De cette défaillance de la moralité publique était né un autre mal qu’il faudrait appeler d’un nom particulier, le condottiérisme, car c’est un phénomène général qu’on retrouve à plusieurs époques de l’histoire, dans l’Italie dégénérée comme dans la Grèce mourante, dans l’Egypte décrépite et l’Orient épuisé, à Carthage et dans le chaos où s’éteint la guerre de trente ans : je veux dire l’habitude de vendre son sang, son courage, pour se mêler à des querelles où nul intérêt élevé ne vous appelle. Si le droit de tuer est un droit terrible dans les guerres légitimes, où le soldat défend sa patrie et ses pénates, que sera-ce quand il tuera pour vivre, par métier et pour gagner quelque argent ? Depuis longtemps les Grecs connaissaient trop les routes de Suse et l’argent du grand roi : il en avait toujours à sa solde des troupes nombreuses, et son intervention dans les affaires de la Grèce n’a d’autre but que d’y ramener la paix, pour y trouver des soldats à vendre. Il y prend même des généraux ; il loue les services de Chabrias et d’Iphicrate. Le danger n’est pas seulement dans l’or corrupteur que ces mercenaires rapportent, ni dans l’oubli de la patrie, dans les habitudes de violences et de rapines que la vie des camps leur a données, dans les vices que le mol Orient leur inocule ; car si beaucoup encore reviennent dans leurs cités étaler ces richesses mal acquises, bien peu, dans quelques années, s’y décideront. Ils mourront là où ils auront vécu, et alors le mal pour la Grèce sera dans cette migration continuelle qui lui enlèvera le meilleur de son sang.
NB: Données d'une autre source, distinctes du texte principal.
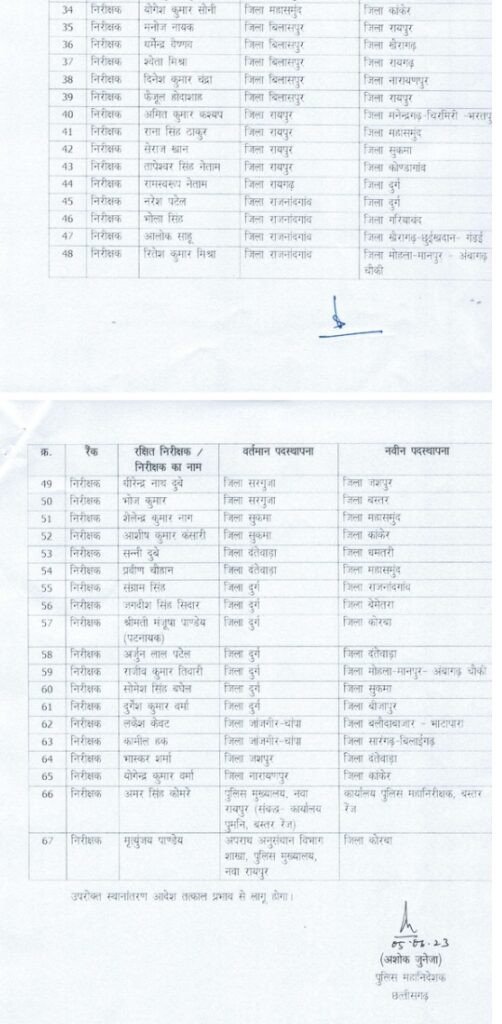अभी अभी जारी हुई निरीक्षकों की तबादला सूची: चंद्रवंशी सक्ती, अभय बिलासपुर तो आशीष नारायणपुर भेजे गए, अभी और भी निरीक्षक जायेंगे दूसरे जिले

Tout homme d’activité, de courage, d’ambition, toute la partie énergique de la population grecque courra en Asie, laissant derrière elle la mère-patrie dépeuplée. À Issus, Darius aura 30,000 mercenaires grecs. Sous Alexandre et ses successeurs, le mal décuplera d’intensité, et la Grèce périra, suivant l’énergique expression de Polybe, faute d’hommes.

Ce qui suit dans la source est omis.